The girls grew up and moved far away, but their mother tracked them down by mail, by phone or sometimes in increasingly disheveled person. “Have I been a bad mother to you? Do you still love me? I need you here. We have things to discuss.”

She wielded knives, a broken bottle. Finally, in desperation, both daughters changed their names (“She took Isaac Bashevis Singer’s last name, I took Bela Bartok’s”) and severed all contact with their now homeless mother.

Or such was the plan; Ms. Bartok never quite managed to pull it off. She continued to send her mother letters and small presents for years, even as she concealed her own address and phone number. But only as her 80-year-old mother lay dying of cancer did they meet again, and did Ms. Bartok, by then an artist and prolific author of children’s books, experience once again the disease’s tangled words and thoughts.

That was not so much through her mother’s physical presence as through the wealth of diaries she found in a storage bin, with decades of entries stumbling back and forth along a thin edge of reason: “I see that little bits of my life in distorted form have gotten into movie stories. I still have received no compensation for that. Ultimately, what I do know is this: I am a homemaker, my records have never been straightened out, and my need for privacy and house is greater than ever. I write this in a motel room looking out onto garbage bins.”

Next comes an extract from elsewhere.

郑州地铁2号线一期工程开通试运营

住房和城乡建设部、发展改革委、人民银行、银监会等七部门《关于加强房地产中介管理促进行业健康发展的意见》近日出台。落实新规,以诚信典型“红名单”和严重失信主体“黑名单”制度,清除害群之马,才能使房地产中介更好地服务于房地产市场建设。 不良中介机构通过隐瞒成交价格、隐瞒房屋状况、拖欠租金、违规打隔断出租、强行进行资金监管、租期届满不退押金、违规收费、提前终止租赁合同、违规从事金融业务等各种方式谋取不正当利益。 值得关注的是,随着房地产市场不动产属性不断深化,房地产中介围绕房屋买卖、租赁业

As with the Cockburns’ book, the intertwined voices of grief-stricken, articulate sanity and not-so-sane but often quite poetic illness make a duet both wonderful and terrible. Sadly, it is not nearly so terrible as the worst detail of both books: the failure of the medical system to help much with the pain of either set of writers.

In the 60-odd years separating Ms. Herr’s psychotic break from Henry Cockburn’s, mental hospitals have closed in droves, community-based services have proliferated, generations of antipsychotic drugs have been patented. The disease, at least in the severe form represented here, remains undaunted. It is hard to think of one that requires more courage from patients or their families.